(Task directions): Go through the data below line by line. Give only the number of lines that contain "carts".
Records supplied START
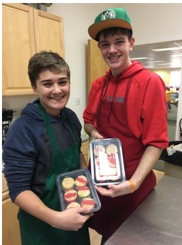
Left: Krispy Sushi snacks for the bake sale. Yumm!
Records supplied END
Records supplied START
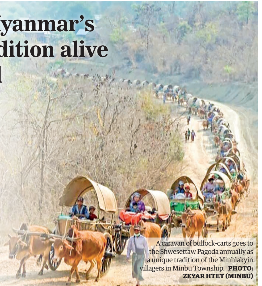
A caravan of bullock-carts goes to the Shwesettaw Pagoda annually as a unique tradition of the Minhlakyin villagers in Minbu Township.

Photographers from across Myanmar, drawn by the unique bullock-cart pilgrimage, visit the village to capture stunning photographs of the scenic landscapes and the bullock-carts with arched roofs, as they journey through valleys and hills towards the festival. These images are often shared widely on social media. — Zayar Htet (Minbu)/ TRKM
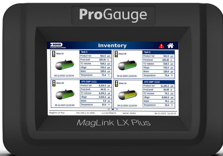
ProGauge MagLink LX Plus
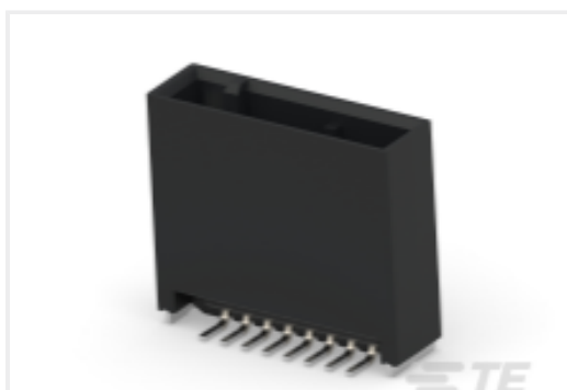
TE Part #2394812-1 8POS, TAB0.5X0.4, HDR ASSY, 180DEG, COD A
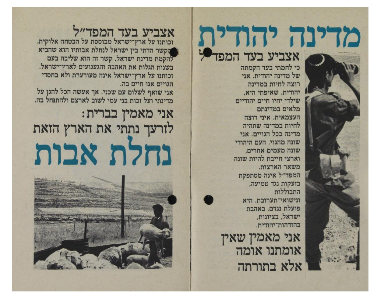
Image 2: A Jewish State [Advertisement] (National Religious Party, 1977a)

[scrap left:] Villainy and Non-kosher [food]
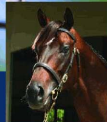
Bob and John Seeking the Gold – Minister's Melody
Records supplied END
(Exercise response): 2